Also, highly relevant to lung functions are the components of the innate immune response, which are challenging to study in the fetus prior to birth (Feyaerts et al. 2022). We examined two genes that are representative of these processes: WAP four-disulphide core domain 2 (WFDC2), the lung epithelial cell protease inhibitor that has a predicted role in lung surface liquid and innate immunity (Bingle et al. 2006), and the antimicrobial/defense response protein BPI fold containing family A member 1 (BPIFA1) (Bingle and Craven 2002). In both the proximal and distal lungs for both WT and CFTR−/− animals, WFDC2 is expressed at low abundance prior to 120-day gestation when it increases through to term (Fig. 5A, B). There is no consistent difference in expression levels between the genotypes. In both the proximal and distal lungs, BPIFA1 expression was undetectable at most time points before birth in both genotypes (data not shown).
Lastly, we assayed the genes encoding surfactant proteins/secretoglobins (SFTPA1, SFTPB, and SCGB3A2) (Fig. 5C–F). SFTPA1 was expressed at low abundance prior to 80 days in the proximal lung of both genotypes, but by 100 days an ~ 100-fold increase in transcript abundance compared to 65 days was seen in both genotypes, which further increased to more than 1000-fold by 120 days before rising more moderately to term. In contrast, SFTPB levels rose more gradually through to term in both WT and CFTR−/− animals (Table S1). In the distal lung, the profile of SFTPA1 expression was very similar to that seen in the proximal lung but SFTPB expression increased more gradually through gestation in animals of both genotypes, with a large increase close to term. The abundance of SCGB3A2 transcripts in proximal and distal lung increased > 200- and > 20-fold respectively, between 65 and 120 days of gestation, with higher levels at term particularly in the distal lung, but variation between individuals at each time point made these data difficult to interpret (data not shown). For comparison in these studies, we assayed the expression of a lung epithelial integrity protein (tight junction protein 1, TJP1), which as expected did not alter significantly through gestation in proximal or distal lung irrespective of genotype (Fig. 5G, H).

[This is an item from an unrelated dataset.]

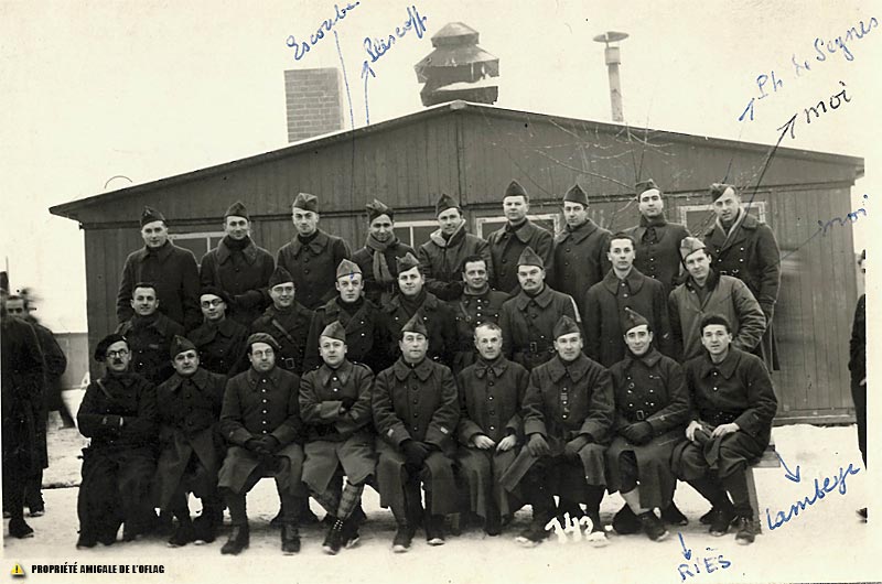 Gross-Born - Oflag IID : 1er rang et 1er en partant de la droite : LAMBEYE ? - 2ème : Riès ?. 2ème rang et 4ème en partant de la gauche : ESCOUBE Pierre - dernier à droite : Guy de MIRAMON (moi). 3ème et dernier rang : le 4ème en partant de la gauche : PLESCOFF Georges - le dernier à droite : de SEYNES Philippe. |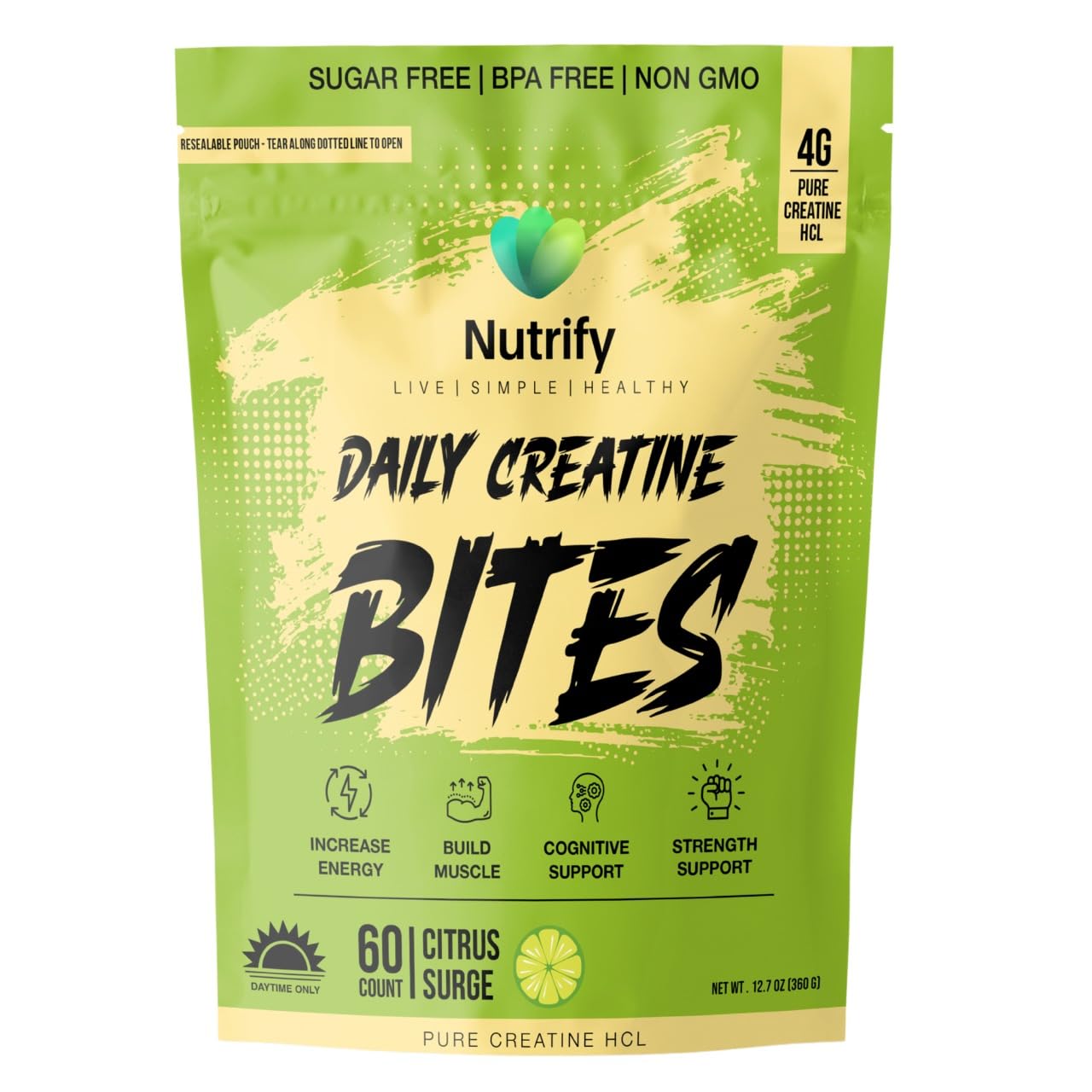 Nutrify Daily Creatine Gummies for Women and Men - 4g Creatine Monohydrate per Serving for Muscle Growth & Recovery - Sugar-Free Low-Calorie with Vitamin B12 for Energy Boost - Citrus Surge

Expression of the cystic fibrosis transmembrane conductance regulator gene through gestation
Of particular interest, in the light of our earlier work on the developmental expression of the cystic fibrosis transmembrane conductance regulator (CFTR)(Broackes-Carter et al. 2002), in which the transcript was assayed solely by RT-qPCR, was the expression profile of the gene in the RNA-seq data from WT and CFTR −/− animals. We observed that the profiles of normalized read counts were similar between proximal and distal lung in both WT and CFTR−/− animals, with highest expression levels at 80-day gestation followed by a rapid decline across 100 and 120 days at which point levels were similar to those in the term lung (Fig. 6). These data closely replicate our earlier findings in WT animals of a different sheep breed (Broackes-Carter et al. 2002). Of note, the abundance of CFTR transcripts assayed by RNA-seq in the proximal and distal lung of CFTR−/− animals was consistently lower than in the WT animals (Fig. 6A), possibly due to nonsense-mediated decay (NMD) of the CFTR−/− transcript, which contains a frameshift mutation in exon 2 (Fan et al. 2018).
Validation of differential upregulation of defense response/immune genes between 100 and 120 days in CFTR−/− distal lung alone
In the RNA-seq results presented above comparing 100 and 120 days, we noted that defense response and inflammatory response were annotated from the significantly upregulated genes by gProfiler and DAVID respectively in CF distal lung alone (Fig. 3B, C). Given the relevance of lung inflammation to the CF phenotype after birth (Schupp et al. 2020), we validated these results by RT-qPCR. Figure 7A and B show volcano plots with upregulated genes comparing 120—and 100-day distal lung tissue from WT and CFTR−/− animals. Transcripts of KNG1, CHI3L1, LOC101123672 (C4A), C3, and CXCL8 (encoding IL-8) at 120 days are marked in Fig. 7B and plotted through gestation in Fig. 7C, E, and G. To validate the RNA-seq data, we used RT-qPCR to measure the abundance of KNG1, CHI3L1, and C4A transcripts (Fig. 7D, F, H). Focusing on the relative increase in transcripts of each of these genes at 120 days compared to 100 days, all are elevated to a greater extent in the CFTR−/− distal lung tissue than in WT distal lung at the same time points (Fig. 7C–H). CXCL-8 transcript levels were of very low abundance and so were not analyzed further. Together these data suggest an early manifestation of an inflammatory phenotype in the CF lung at 120 days, prior to the major upregulation of immune response genes at term that occurs in both proximal and distal lungs of WT and CFTR−/− animals (Fig. 1D, Fig. 2C, respectively).
Discussion
The advances in functional genomics protocols that enable the type of investigation, we describe here were made many decades after restrictions on the use of human fetal tissues were enacted in many countries. As a result, the use of relevant large animal models of human disease can make a unique contribution to understanding developmental phenotypes. Although transcriptomic analysis that is based on bulk tissue RNA samples lacks the precision of single cell RNA-seq (scRNA-seq) and the detailed information on the differentiation and migration of individual cell types that it provides, it can still yield important insights into organ development and disease-associated deficits.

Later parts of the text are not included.